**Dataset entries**
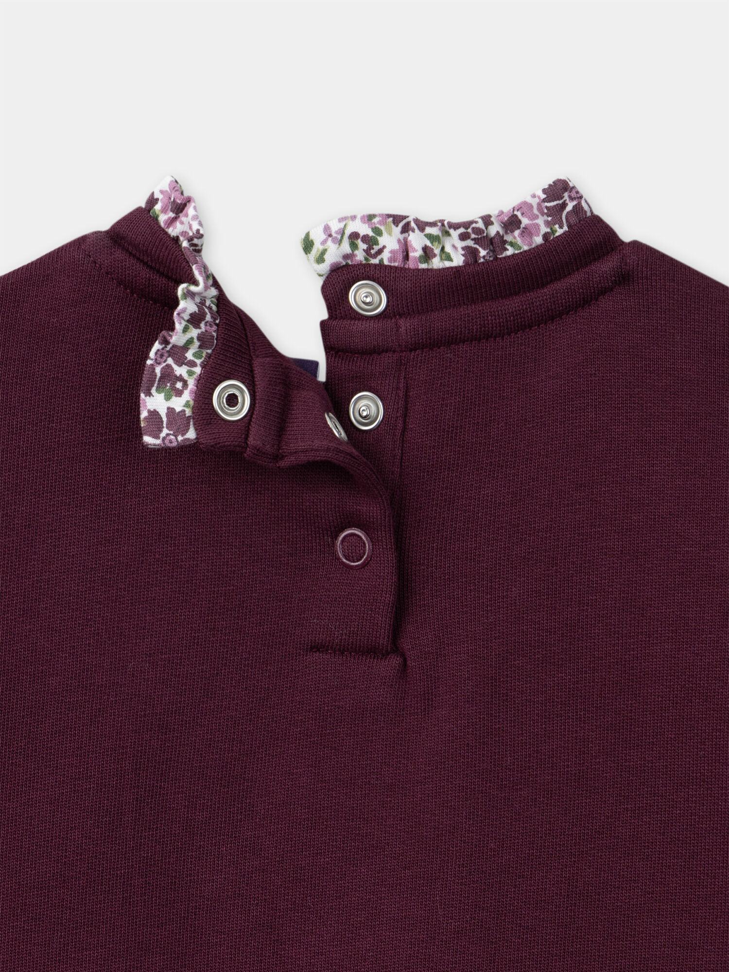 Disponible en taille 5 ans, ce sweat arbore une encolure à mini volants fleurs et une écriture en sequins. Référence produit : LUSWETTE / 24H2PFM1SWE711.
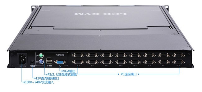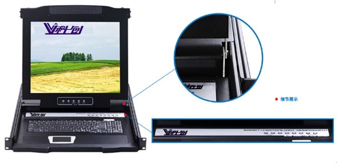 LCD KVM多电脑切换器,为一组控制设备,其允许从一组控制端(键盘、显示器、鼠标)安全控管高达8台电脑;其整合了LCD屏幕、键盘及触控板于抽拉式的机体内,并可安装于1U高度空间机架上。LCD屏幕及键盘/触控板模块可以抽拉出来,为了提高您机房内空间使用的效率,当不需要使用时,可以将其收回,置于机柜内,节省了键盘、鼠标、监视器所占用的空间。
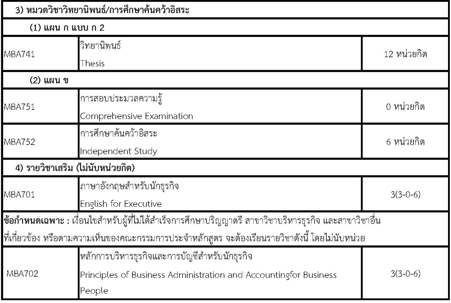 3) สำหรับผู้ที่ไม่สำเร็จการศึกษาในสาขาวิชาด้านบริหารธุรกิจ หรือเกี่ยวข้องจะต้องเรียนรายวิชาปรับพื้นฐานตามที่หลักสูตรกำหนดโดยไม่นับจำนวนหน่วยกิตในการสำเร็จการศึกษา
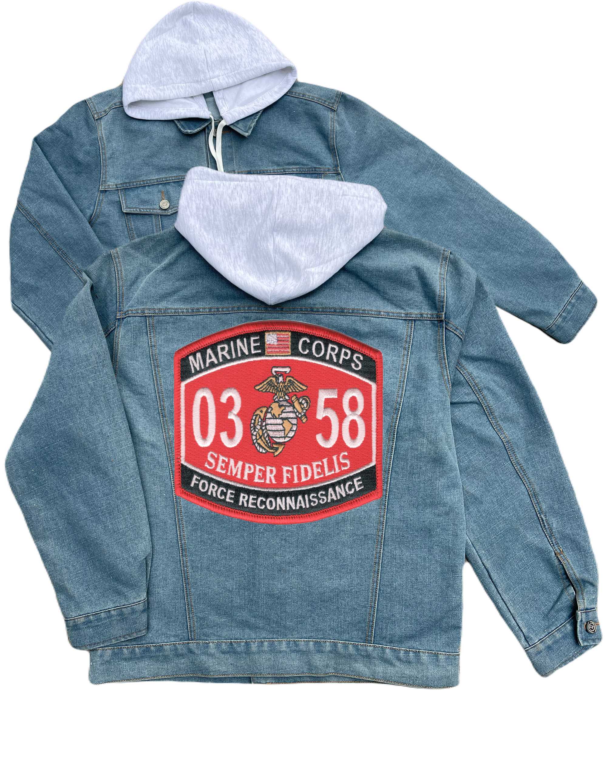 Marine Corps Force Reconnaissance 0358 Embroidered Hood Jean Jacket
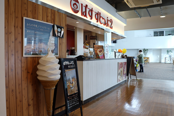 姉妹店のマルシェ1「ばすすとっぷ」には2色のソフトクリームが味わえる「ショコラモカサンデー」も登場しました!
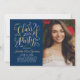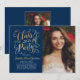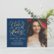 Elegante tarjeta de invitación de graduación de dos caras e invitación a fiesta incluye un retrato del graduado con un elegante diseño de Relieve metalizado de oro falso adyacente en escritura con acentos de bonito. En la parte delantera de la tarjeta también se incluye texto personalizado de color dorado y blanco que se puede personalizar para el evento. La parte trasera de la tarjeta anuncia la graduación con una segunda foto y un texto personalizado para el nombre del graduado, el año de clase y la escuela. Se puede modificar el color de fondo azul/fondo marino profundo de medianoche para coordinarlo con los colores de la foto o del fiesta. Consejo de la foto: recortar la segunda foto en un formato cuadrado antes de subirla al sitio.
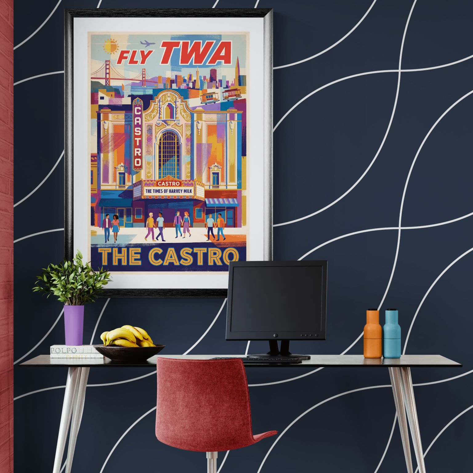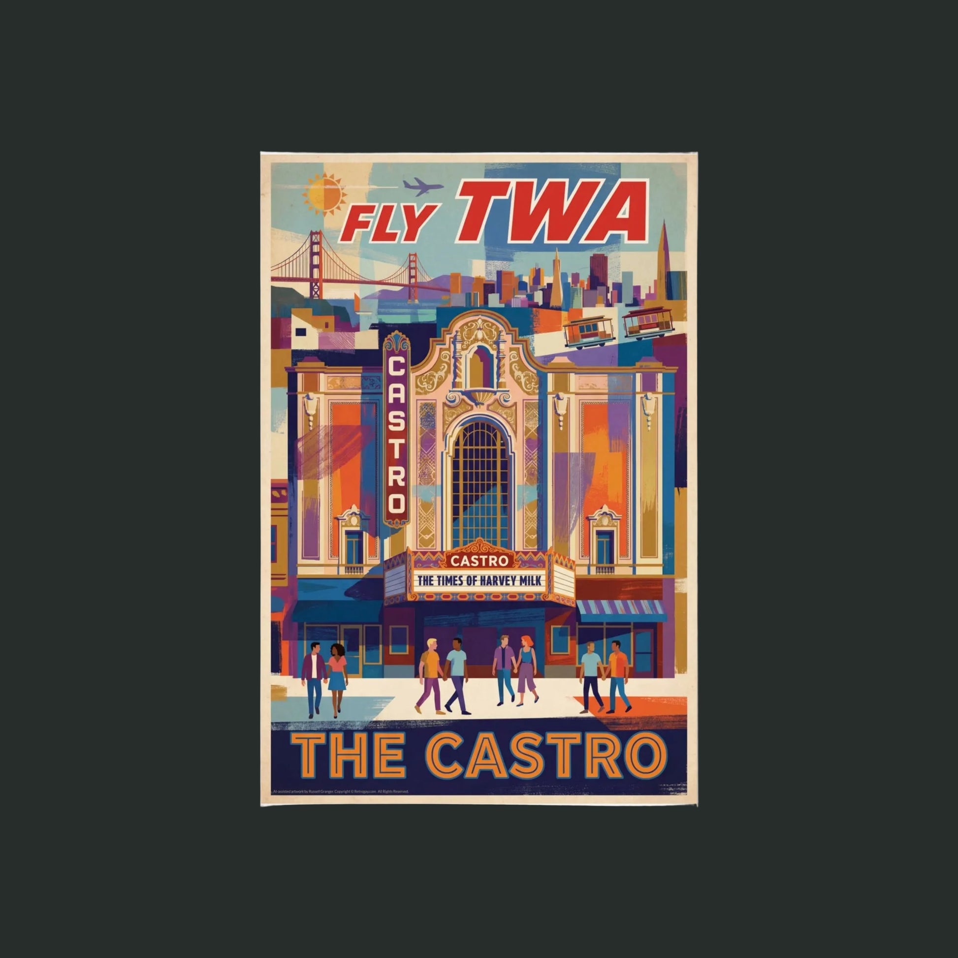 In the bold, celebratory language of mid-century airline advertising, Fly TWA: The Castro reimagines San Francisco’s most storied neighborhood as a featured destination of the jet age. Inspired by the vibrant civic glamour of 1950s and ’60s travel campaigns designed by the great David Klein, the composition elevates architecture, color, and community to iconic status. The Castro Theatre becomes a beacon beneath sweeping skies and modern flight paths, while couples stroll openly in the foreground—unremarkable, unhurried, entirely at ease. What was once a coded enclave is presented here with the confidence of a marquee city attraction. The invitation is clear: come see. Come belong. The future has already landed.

**Instructions for the task**
Print, exactly as written, the lines above from the first one to the one containing "姉妹店のマルシェ1「ばすすと". Leave out pictures.

**Exercise response**
 Disponible en taille 5 ans, ce sweat arbore une encolure à mini volants fleurs et une écriture en sequins. Référence produit : LUSWETTE / 24H2PFM1SWE711.
 LCD KVM多电脑切换器,为一组控制设备,其允许从一组控制端(键盘、显示器、鼠标)安全控管高达8台电脑;其整合了LCD屏幕、键盘及触控板于抽拉式的机体内,并可安装于1U高度空间机架上。LCD屏幕及键盘/触控板模块可以抽拉出来,为了提高您机房内空间使用的效率,当不需要使用时,可以将其收回,置于机柜内,节省了键盘、鼠标、监视器所占用的空间。
 3) สำหรับผู้ที่ไม่สำเร็จการศึกษาในสาขาวิชาด้านบริหารธุรกิจ หรือเกี่ยวข้องจะต้องเรียนรายวิชาปรับพื้นฐานตามที่หลักสูตรกำหนดโดยไม่นับจำนวนหน่วยกิตในการสำเร็จการศึกษา
 Marine Corps Force Reconnaissance 0358 Embroidered Hood Jean Jacket
 姉妹店のマルシェ1「ばすすとっぷ」には2色のソフトクリームが味わえる「ショコラモカサンデー」も登場しました!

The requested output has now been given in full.